Konzertkritik: Toto in München in der Olympiahalle - Alles zum Konzert

München - Ein Hutständer neben dem Flügel von David Paich ist das alleinige Requisit auf der Bühne der Olympiahalle. Hin und wieder wechselt der Pianist Hüte und Zylinder, und das ist – von gelegentlichen Lichtblitzen und Laserstrahlen abgesehen – der einzige Showeffekt bei Totos Jubiläumskonzert. Der Rest ist Musik.
Die bietet die Band vor 6.000 Zuschauern selbstredend auf höchstem instrumentalen Niveau. Zylinder-Mann Paich und die beiden weiteren verbliebenen Urmitglieder von 1978, Gitarrist Steve Lukather und Keyboarder Steve Porcaro, waren in den späten Siebzigern und Achtzigern die angesagtesten Session-Musiker der Welt, haben auf Tausenden von Platten gespielt. Und auch heute könnten sie sich Paichs Zylinder über die Augen stülpen und würden dennoch keine Note vermasseln.
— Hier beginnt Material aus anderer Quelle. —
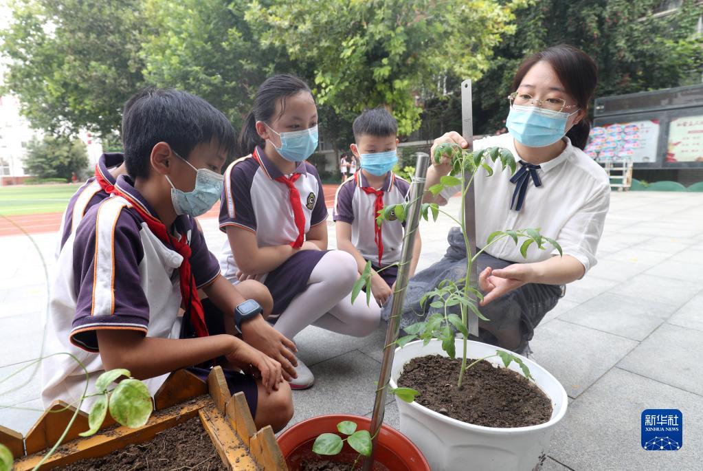 8月3日,在河北省石家庄市长安东路小学,老师(右一)为学生们测量太空种子植株。新华社发(梁子栋摄)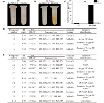 龙眼是药食兼用型水果,深受人们喜爱,然而其果实在采后贮藏过程中果皮迅速褐变,严重影响其商品价值。已有研究表明,龙眼果皮的褐变与果皮中原花青素和木质素的氧化聚合有着密切的关系。该研究从龙眼果皮中分离纯化得到一个高纯度的过氧化物酶PRX53-2,该酶在体外对表儿茶素/儿茶素(原花青素单体)和松柏醇(木质素单体)的氧化聚合反应具有很强的催化作用,并且能够形成导致龙眼果皮褐变的褐色产物。该研究成果有助于人们深入理解植物组织褐变过程,并为其他果蔬的褐变研究提供参考。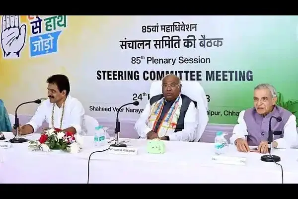 छत्तीसगडमधील रायपूर येथे शुक्रवारपासून काँग्रेसचे 85 वे राष्ट्रीय अधिवेशन सुरू झाले. या अधिवेशनाच्या पहिल्या दिवशीच सुकाणू समितीच्या बैठकीत पक्षाच्या कार्यकारिणी समिती (सीडब्ल्यूसी) निवडणुका न घेण्याचा निर्णय सर्वानुमते मंजूर करण्यात आले. या निर्णयामुळे आता काँग्रेस अध्यक्ष मल्लिकार्जुन खर्गे यांना सदस्य नामनिर्देशित किंवा नियुक्त करण्याचे अधिकार देण्यात आले आहेत. आणखी दोन दिवस हे अधिवेशन चालणार असून पहिल्या दिवशी विषय समितीची बैठकही पार पडली. तसेच काँग्रेस पक्षाच्या घटनेतील दुरुस्तीवरही अधिवेशनात चर्चा होणार आहे.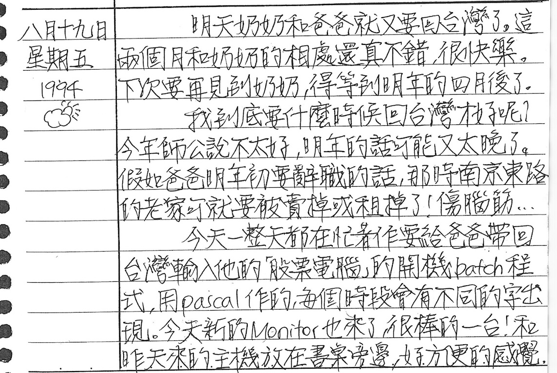 以下是30年前的今天(1994年8月19日)當時17歲的我所親筆寫下的日記: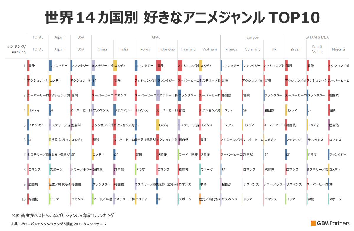 未来の成功を確実にするためには、各国での浸透・人気につながる、そもそもの市場の違いに着目する必要があります。例えば、「好きなアニメジャンル」を各国で比較すると、ファンダムが少しずつ異なることが分かります。世界各国の特色を分析することが、どんな作品がどこで人気を得やすいのか、理解する一助となるでしょう。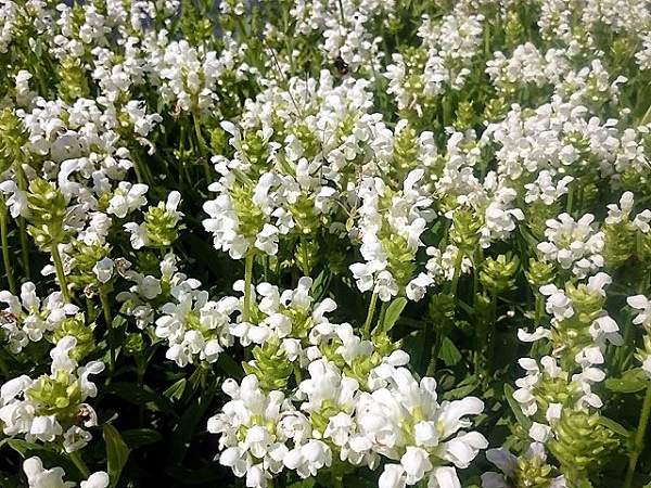 Черноголовка крупноцветковая Alba (Альба). Почвопокровный низкорослый многолетник. Высота до 30 см. Листья темно-зеленый. Цветки светло-лиловые, почти белые, собраны в соцветия. Цветение в июне-августе, обильное.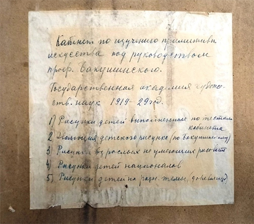 За несколько лет существования комиссии, позже переименованной в Кабинет по изучению примитивного искусства и детского творчества, сотрудники ГАХН проделали огромную работу. По свидетельству искусствоведа и педагога Н.П. Сакулиной, уже в 1927 году «комиссия располагала коллекцией в 20 000 экз., а также коллекцией вещей детского художественно-производственного творчества (народная игрушка, пряник и пр.)» [1]. После ликвидации Государственной академии художественных наук коллекцию передали в Центральный дом художественного воспитания детей Наркомпроса РСФСР (ЦДХВД). В 1940-е годы ЦДХВД был преобразован в Научно-исследовательский институт художественного воспитания Академии педагогических наук. Сегодня это Институт художественного образования и культурологии Российской академии образования, который и является организатором (совместно с ВМДПНИ) выставки «Дети авангарда».
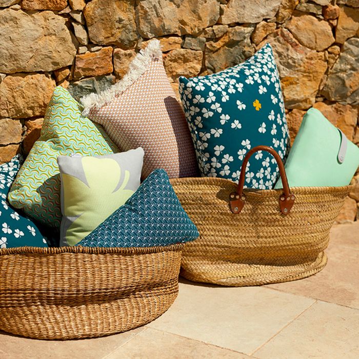 Coussin trèfle de Fermob par Tristan Lohner. Le coussin Trèfle est l'accessoire déco outdoor indispensable ! Confectionné dans un tissu Jacquard, de fabrication française, traité anti-tâches et anti-moisissure, ce coussin design outdoor a le bon goût d’être déhoussable et lavable en machine. Très confortable, il s'associe avec les autres coussins de la collection Trèfle. Un moelleux à toute épreuve, dans le jardin, sur le canapé du salon, ou encore dans la suite parentale.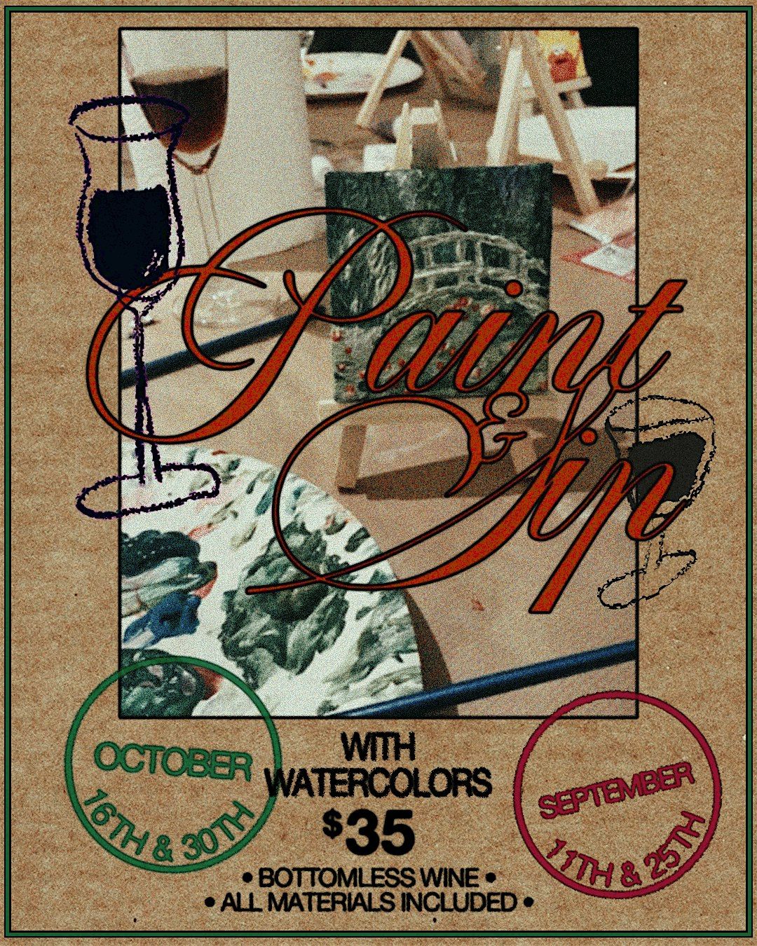 Join us for an evening of creativity and carefree indulgence every Thursday from 7:30 to 9:30 PM! Our Paint & Sip event invites you to let your artistic spirit soar while sipping on bottomless wine.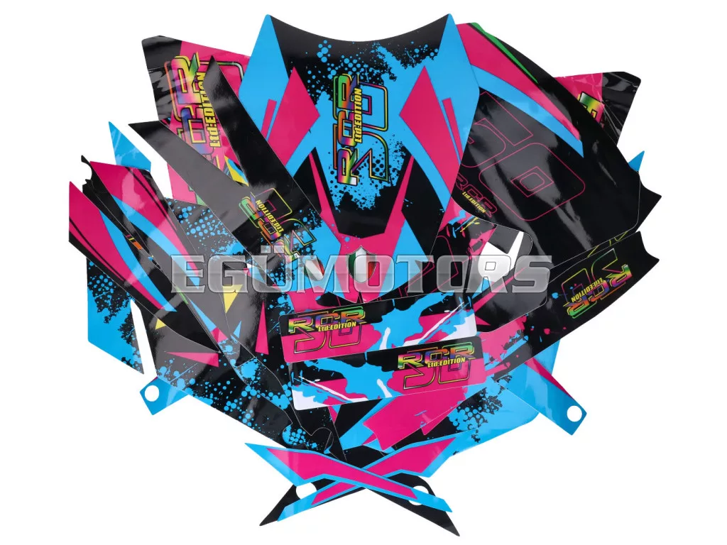 Fényes fekete-rózsaszín-kék matrica készlet, alkalmas 2018-tól gyártott Gilera RCR 50 modellekhez.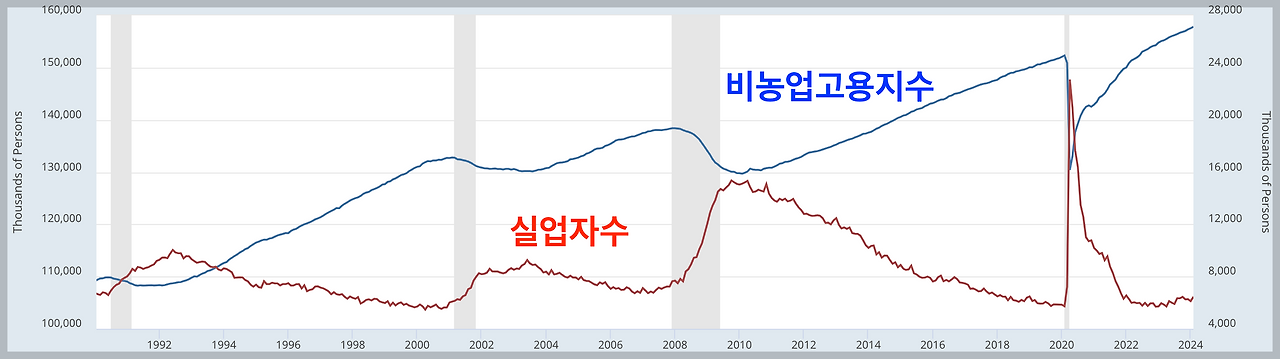 위 그래프처럼 실업자수와 비농업고용자수는 반대로 나오는 게 정상입니다. 고용이 감소하는 것은 실업이 증가하는 뜻이고, 고용이 증가하는 것은 실업이 감소하게 되죠. 결국 이 두 지표는 같게 흐르긴 하지만 단기적으로는 서로 다른 모습을 보일 순 있습니다.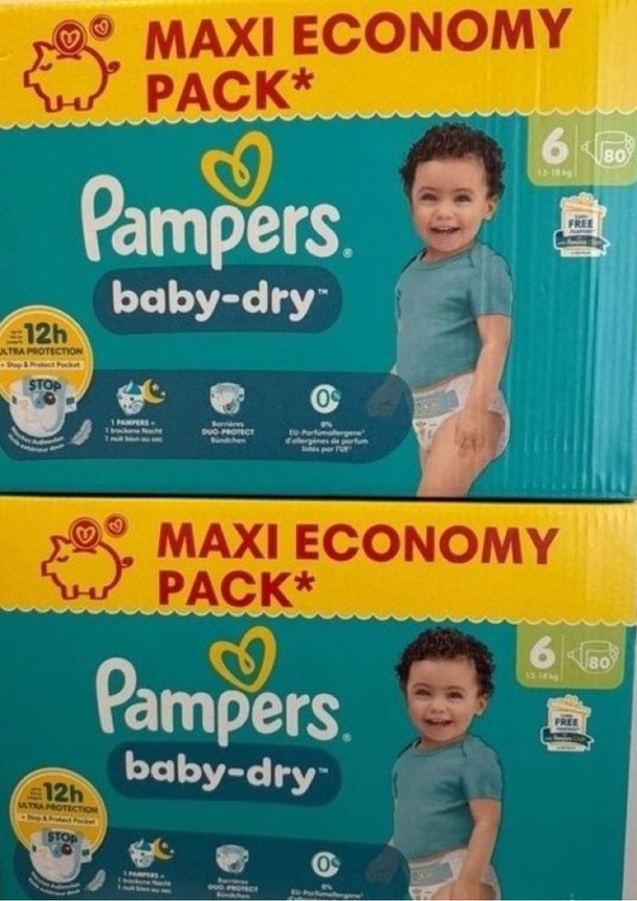 Lot de 2 maxi pack Pampers taille 6 soit 160 couches pour seulement 55€ n’hésitez pas ! Envoi rapide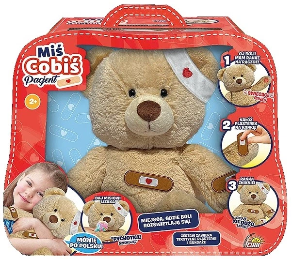 Poznaj uroczego Misia Cobiś Pacjenta — interaktywną zabawkę, która uczy dzieci troski i codziennych rytuałów w formie angażującej zabawy.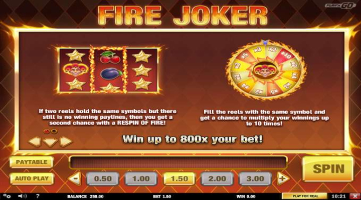 Fire Joker är ett tydligt exempel på hur det faktiskt är möjligt att ta ett traditionellt koncept och göra det till något nytt. Även om ingen lär överraskas av själva upplägget så kommer däremot jokerhjulet att förvåna många. När man lyckats få tillräckligt många jokrar, och aktiverat hjulet, så vet man aldrig vad som händer med ens vinst. Har du tur kan du lyckas öka den tio gånger om!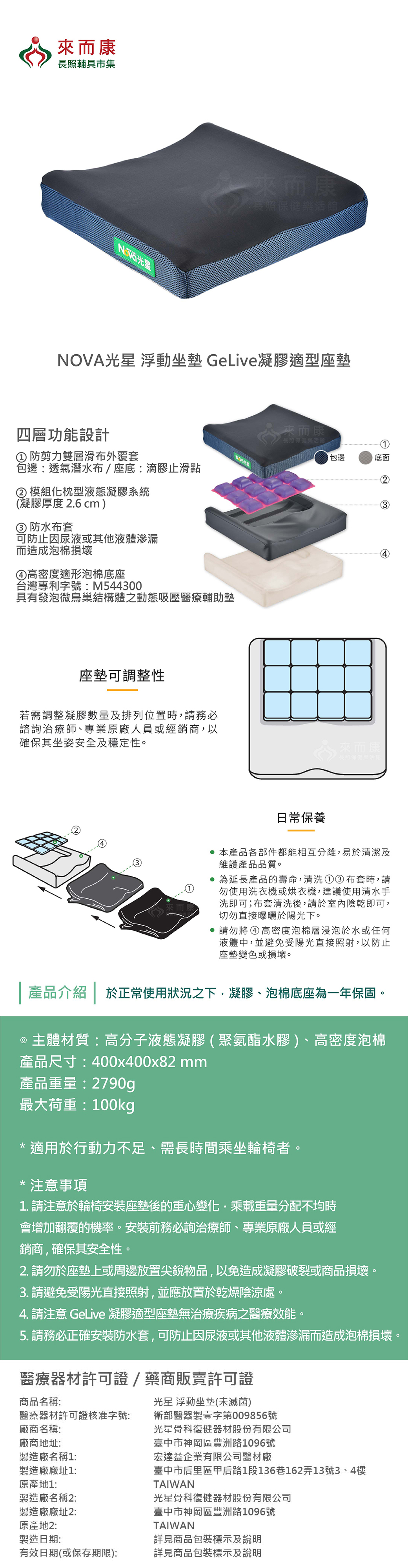 * 有發泡微鳥巢結構體之動態吸壓醫療輔助墊為底座支撐,結合模組化枕型液態凝膠系統設計而成。

Anfangs rumpelts noch in der Olympiahalle
Auf die Akustik in der Olympiahalle hat das aber zunächst mal keinen Einfluss: Der Eröffnungssong "Alone" ist ein lauter, schlimmer Soundbatzen. Bei "Hold The Line" lassen sich die Instrumente schon besser ausmachen, wenig später kriegt der Tonmann den Sound gut in den Griff. Und da zeigt sich, dass auch die fünf anderen Musiker in nichts nachstehen. Percussionist Lenny Castro sowieso nicht: Der Mann ist selbst eine (Session-) Legende, der meistgebuchte Percussionist aller Zeiten, wie Lukather stolz bemerkt.
Er entfaltet mit Schlagzeuger Shannon Forrest und Bassist Shem von Shroeck einen wunderbaren Groove. Sänger Joseph Williams klingt ähnlich wie sein Vorgänger Bobby Kimball. Schade nur, dass er gar nicht so viel singen darf: Auch Lukather und Paich übernehmen öfters die Leadstimme – das zwar sehr ordentlich, aber doch mit weniger Ausdruck als Williams. Mitsingen soll auch das Publikum bei "Spanish Eyes", so die Aufforderung von Lukather – das ist bei dem neuen Stück doch etwas zu optimistisch. Spaß machen dann der Riff-Rocker "English Eyes" und das Instrumental "Jake to the Bone". Hier glänzt vor allem Paich mit einem entspannt-jazzigen Solo am Flügel. Den Super-Hit "Rosanna" verwandelt er im instrumentalen Zwischenspiel in eine coole New Orleans-Nummer.
Welche Songs der langen Bandgeschichte sollen nur gespielt werden?
Das einzige Problem bei der Jubiläumstour, so Joseph Williams, sei die Auswahl der Stücke, schließlich hätten sich in 40 Jahren doch einige angehäuft. Also bricht Toto die nächsten Lieder, gespielt in leiserer Fast-Unplugged-Besetzung, auf eine Strophe und einen Refrain runter. Das ist bei "Holyanna" und dem Americana-Song "No Love" schade, besonders aber bei einem Song von Steve Porcaro, zu dem ihn seine kleine Tochter Anfang der Achtziger inspiriert habe, wie er erzählt. Die klagte über Ärger mit einem Jungen in der Schule, fragte nach dem Warum, und der Vater antwortete mit einem Song, den er spontan schrieb. So seien sie halt, die Menschen: "It’s Human Nature".
Michael Jackson nahm "Human Nature" für "Thriller" auf, das meistverkaufte Album aller Zeiten. Der kurze Songfetzen klingt auch in der Olympiahalle magisch. Dann rockt Toto in voller Arena-Lautstärke weiter, und manche Stücke des letzten Drittels fallen deutlich ab: "Stranger in Town" ist platter Rock, auch mancher Synthie-Sound ist grenzwertig. Steve Lukathers Verbeugung vor seinem ersten Gitarren-Idol und späteren Freund George Harrison, das Beatles-Cover "While My Guitar Gently Weeps", klingt im Toto-Gewand nichtssagend, wie eine austauschbare, um den Blues beraubte Heavy-Rock-Ballade.
Umso besser ist das luftig-poppige "Make Believe", und dann kommt ja zum Schluss noch der eine Song. "Seid ihr bereit?", schreit Steve Lukather. "Seid ihr bereit für den Song?" Und auch an diesem Abend wird dieser Song herausragen mit seinem samtenen Groove, seinem unwiderstehlichen Refrain und dessen super-elegantem Übergang zum Thema, er wird herausragen wie aus dem gesamten 40-jährigen Schaffen der Band, das in der Olympiahalle gefeiert wird: "Africa".